Las tradicionales cajas de pago de los supermercados podrían quedarse atrás con la llegada de las cajas de autoservicio. Una alternativa utilizada por numerosas personas que acuden al supermercado para hacer pequeñas compras. Estas máquinas permiten escanear rápidamente los productos, realizar el pago y abandonar el establecimiento sin interactuar. Aunque, no todos los consumidores las utilizan, ya que la mayoría prefiere esperar en una caja tradicional para ser atendido por un trabajador. La psicología define este comportamiento como una elección de preferencia por el contacto humano, es decir, un saludo, una conversación breve o el intercambio de unas palabras con el trabajador de la caja; son pequeñas interacciones que ayudan a sociabilizar en el día a día y a mantener la conexión con las personas de su entorno.

¿Qué significa evitar el autoservicio?

Una persona que elige una caja tradicional no significa que no entienda la tecnología, sino que prefiere que una persona le atienda al hacer la compra. La diferencia más importante se encuentra en lo que busca cada cliente en ese momento. Hay gente que valora la rapidez y la autonomía de las cajas autoservicio, pero otros piensan que es más importante la interacción que se produce durante el pago. Así que hacer cola para ser atendido no se traduce como una pérdida de tiempo desde el punto de vista de quien decide hacerlo, sino que es una forma de mantener el contacto social dentro de una actividad rutinaria.

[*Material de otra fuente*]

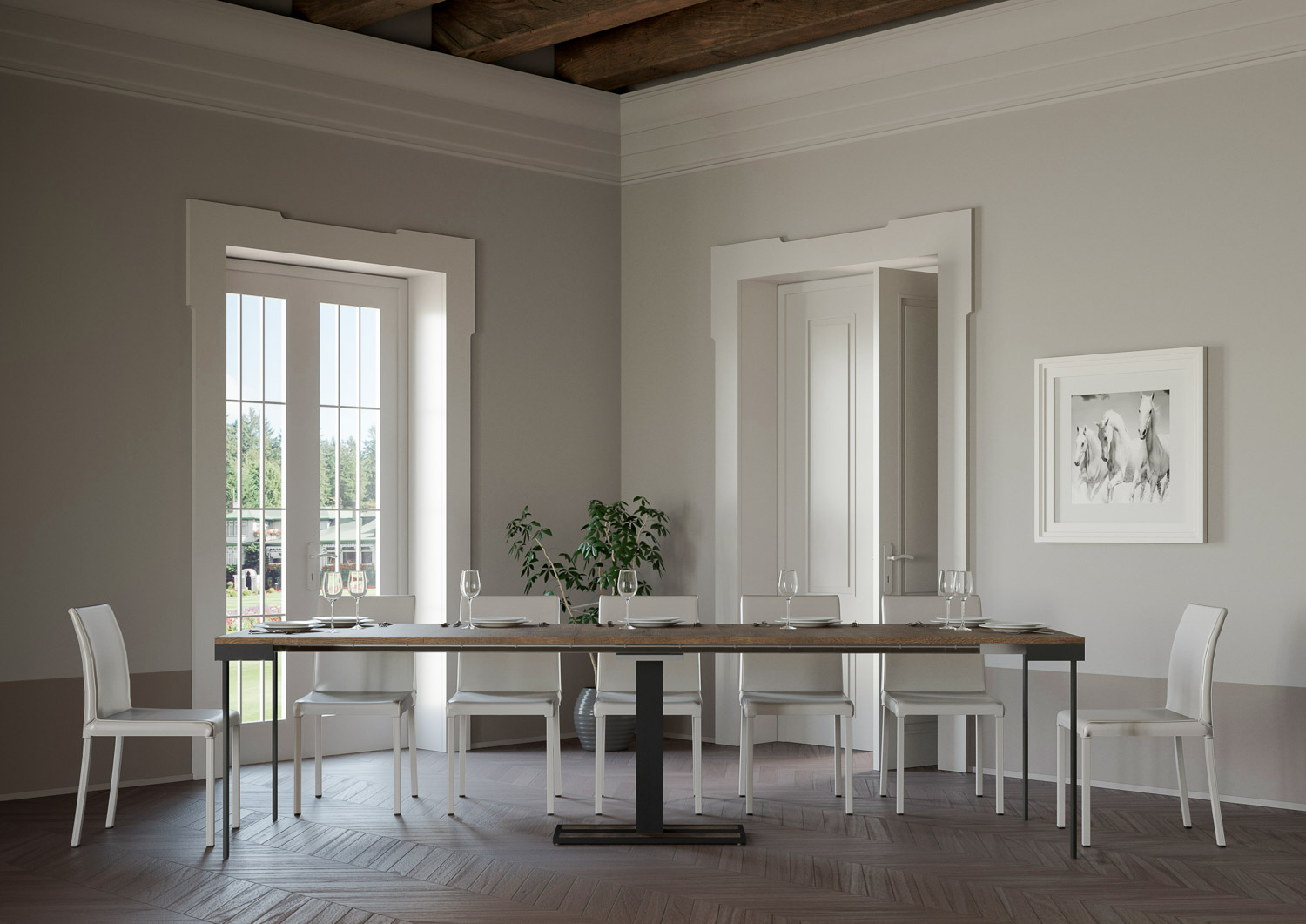 Polyvalente et robuste, la console extensible Capital Evolution s'intègre parfaitement dans toutes les pièces de la maison : entrée, cuisine, salle à manger, salon ou couloir. Transformable en une grande table à manger jusqu'à 300 cm de long, elle peut accueillir jusqu'à 14 personnes. Fabriquée en panneaux mélaminés, elle est dotée d'une structure et de pieds en fer. Son système d'extension avec glissières télescopiques en aluminium et ses supports latéraux inclus garantissent stabilité et robustesse. Une fois repliée, les rallonges se rangent facilement. Produit Itamoby. Fabriqué en Italie. Dimensions : Console fermée : L 90 P 40 H 77 cm. Longueur avec 1 rallonge : 92 cm. Longueur avec 2 rallonges : 144 cm. Longueur avec 3 rallonges : 196 cm. Longueur avec 4 rallonges : 248 cm. Longueur avec 5 rallonges : 300 cm.

La importancia de sociabilizar

La fórmula de los «vínculos débiles», desarrollada por el sociólogo Mark Granovetter, establece que la relación que tienen las personas con otras que no forman parte de su vínculo cercano puede desempeñar un papel fundamental en la conexión social y en el sentimiento de pertenencia. Por lo tanto, una conversación de apenas unos segundos en la caja forma parte de esos pequeños encuentros que estructuran la vida cotidiana. Además, aportan un gran valor a las personas que tienen pocas oportunidades de relacionarse con otras durante el día, rompiendo con su rutina. Al mismo tiempo, la explicación no se resume sólo en sociabilizar, porque este comportamiento deriva también de la costumbre, comodidad, tamaño de la compra o preferencias personales.

Las consecuencias de la automatización

Las cajas autoservicio cogen fuerza en un mundo que busca constantemente la rapidez. Por eso, comprar, pedir comida, realizar gestiones bancarias o solicitar un transporte se pueden realizar online sin necesidad de mantener una conversación con otra persona. La clave se sitúa en la autonomía que proporciona la tecnología. Así que, elegir una caja de atención tradicional es una forma natural de conservar uno de esos pequeños espacios de interacción.

La mejor opción

Las cajas de autoservicio resultan prácticas para las personas que buscan rapidez, privacidad o autonomía, pero las tradicionales ofrecen la posibilidad de recibir atención directa y mantener una conversación. Por lo tanto, en un momento en el que la tecnología es la protagonista, el sencillo acto de intercambiar unas palabras durante el pago se convierte en uno de los pocos encuentros sociales espontáneos que algunas personas mantienen a lo largo de su vida.